25% of Restricted Shares shall vest on the later of February 1, 2006 or the fourth anniversary of grant date.

(ii)  
Accelerated Vesting Upon Termination of Directorship. If a Non-Employee Director ceases to be a director of the Corporation and its subsidiaries by reason of Disability, Death, Retirement or Change of Control (as defined in subparagraphs (c)(iii), (iv) and (v) below), the Restricted Shares granted to Non-Employee Directors, and any Dividend Equivalent Payments on such shares accumulated for such Non-Employee Director shall immediately vest. If a Non-Employee Director ceases to be a director of the Corporation and its subsidiaries for any other reason, the Non-Employee Director shall immediately forfeit all Restricted Shares, except to the extent that such shares have vested under the scheduled provided in subparagraph (c)(i) above.
 

 
 
 

 

 
(iii)
Disability. For purposes of this Section 3.1(c), “Disability” shall mean a permanent and total disability as defined in Section 22(e)(3) of the Internal Revenue Code of 1986, as amended.

 
(iv)
Retirement. For purposes of this Section 3.1(c), “Retirement” shall mean ceasing to be a director of the Company (A) on or after age 70, or (B) on or after age 65 with the consent of a majority of the members of the Board of Directors of the Corporation other than the Non-Employee Director.

 
(v)
Change of Control. For purposes of this Section 3.1(c), “Change of Control” shall have the same meaning as in the Lincoln National Corporation Executives’ Severance Benefit Plan on the date that is six (6) months immediately preceding the “Change of Control.””
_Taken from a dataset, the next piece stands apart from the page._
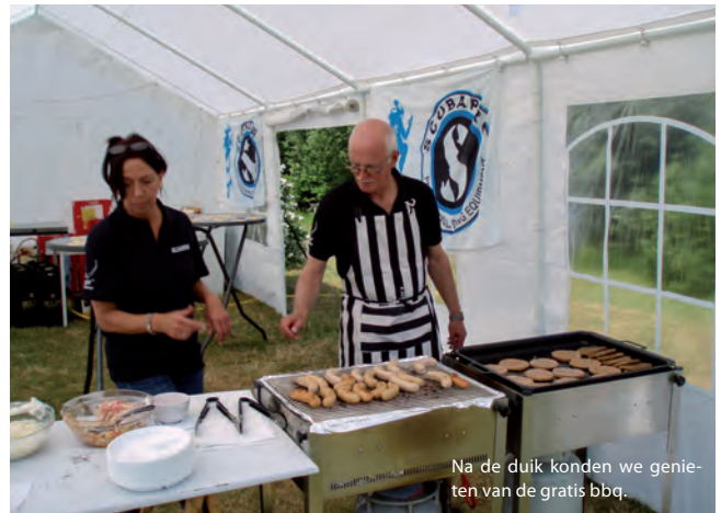
Na de duik konden we genieten van de gratis bbq.

2. A new Section 12.7 is added to the Plan, to read as follows:
 
“12.7 Definition of “Cause.” For purposes of this Plan, and for any Awards granted pursuant to the terms of this Plan, Cause shall mean: (i) the conviction of a felony, or other fraudulent or willful misconduct materially and demonstrably injurious to the business or reputation of the Corporation by the Non-Employee Director; or (ii) the willful and continued failure of the Director to substantially perform his or her duties for the Corporation (other than such failure resulting from incapacity due to physical or mental illness as determined by a physician proposed by the Corporation and reasonably acceptable to the Non-Employee Director), after a written demand for substantial performance is delivered to the Non-Employee Director by a majority of the Board of Directors of the Corporation which specifically identifies the manner in which the Board believes that the Non-Employee Director has not substantially performed his or her duties. No act, or omission to act, on the part of the Non-Employee Director shall be considered “willful” unless such act or omission is the result of the Non-Employee Director’s bad faith or acting without reasonable belief that his or her action or omission was in the best interests of the Corporation.”